Bernadette Pedrosa foi a primeira mulher a ser admitida como docente na Faculdade de Direito do Recife, em 1965. Foi também defensora pública e uma professora incomparável e inesquecível, para várias gerações de estudantes de graduação. Foi minha professora e posso assegurar que para a minha geração transmitiu um exemplo de competência, altivez, seriedade, compromisso e dignidade. É indiscutivelmente a grande dama da Faculdade de Direito do Recife.

Na entrevista, a aluna me perguntou: 1. A senhora enfrentou obstáculos, por ser mulher, para se tornar a primeira diretora da FDR?; 2. A senhora já sofreu algum tipo de violência psicológica em ambiente de trabalho? Ou conhece algum ocorrido que possa relatar sem identificação dos envolvidos na relação?

Eu fui diretora da Faculdade de Direito do Recife por quase dez anos. Por um período mais curto, em que assumi a direção pro tempore e por dois mandatos consecutivos, em que fui eleita para dirigir a Faculdade entre abril/2007 e abril/2015. E tenho consciência de que realizei uma excelente gestão, reconhecida por tudo que deixei como legado de meu trabalho de liderança e do trabalho de todos que me ajudaram, em benefício da preservação e da memória da nossa Faculdade.

Eu considero graves os obstáculos e as violências psicológicas que enfrentei enquanto diretora da Faculdade de Direito do Recife, que eu podia então compreender pelo pioneirismo de uma mulher efetivamente assumir as rédeas da nossa Faculdade, mas sinceramente, o que me escandaliza, mais ainda, são os constrangimentos por que passei mesmo após ter sido diretora por dois mandatos, e mesmo depois do quanto me dediquei para o bem da nossa comunidade, o que apenas confirma que a violência psicológica contra a mulher é uma questão enraizada em nossa cultura.
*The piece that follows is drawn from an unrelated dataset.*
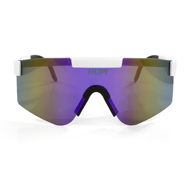- Sobre o produto - Óculos de Bike HUPI Maverick - UnissexÓculos de Sol HUPI Maverick Branco/Preto - Lente Roxo Espelhado
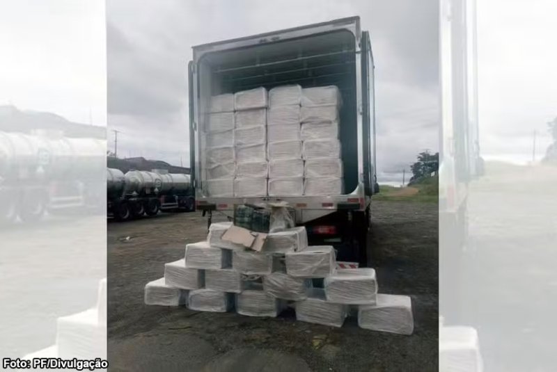 Durante a abordagem a um caminhão baú, no km 18, os policiais localizaram dezenas de fardos da droga no compartimento de carga. Ao todo, foram apreendidos 1.547 kg de maconha.

E eu torno públicos esses constrangimentos recentes, porque esse assunto precisa deixar de ser velado e precisa estar nas rodas de conversa, para que possa ser melhor digerido pela nossa sociedade.

O primeiro episódio aconteceu em uma reunião de departamento. Um colega, professor doutor como eu, dirigiu-se a mim num diálogo que mantínhamos sobre ser de direita ou de esquerda, e disse: “Eu sempre fui de direita, mas se tivesse sido de esquerda quando estudante teria “comido” mais gente”. É claro que eu o repreendi e disse que não aceitava o uso daqueles termos, nem muito menos aceitava os termos daquele pensamento preconceituoso que a sua afirmação destilava. E até hoje eu me pergunto que obrigação eu tenho de escutar um comentário desses de um colega de trabalho, que certamente não usaria esses termos em casa, se conversasse com sua mulher. Na minha opinião, entretanto, esses termos deveriam ser reservados à alcova, em especial a matrimonial. Se os homens fossem menos garanhões em público e mais garanhões em suas alcovas, talvez os casais fossem mais felizes em nossa sociedade.

O outro episódio aconteceu em uma reunião do colegiado de pós-graduação, quando surgiu a oportunidade de eu desenvolver um trabalho de pesquisa em conjunto com um professor doutor, como eu. Um outro professor doutor, como nós, que estava na reunião não se fez de rogado e disse: “Ahh se a esposa dele souber disso! ...”  É claro que eu bati na mesa, me disse ofendida e exigi um pedido de desculpas porque a fala insinuava que eu estaria disponível para outras aproximações não profissionais, o que indiscutivelmente é uma violência inaceitável contra mim, em meu ambiente de trabalho.

Eu acho importante relatar esses episódios porque parte da violência que a mulher sofre advém da ideia equivocada de que a mulher só está disponível. A mulher só pode estar disponível ou não. Ela pode, inclusive, não estar disponível para você. E se ela estiver disponível para você; ela vai encontrar uma forma de mostrar a você isso. Portanto, não seja grosseiro e se quiser uma mulher, trate-a com respeito.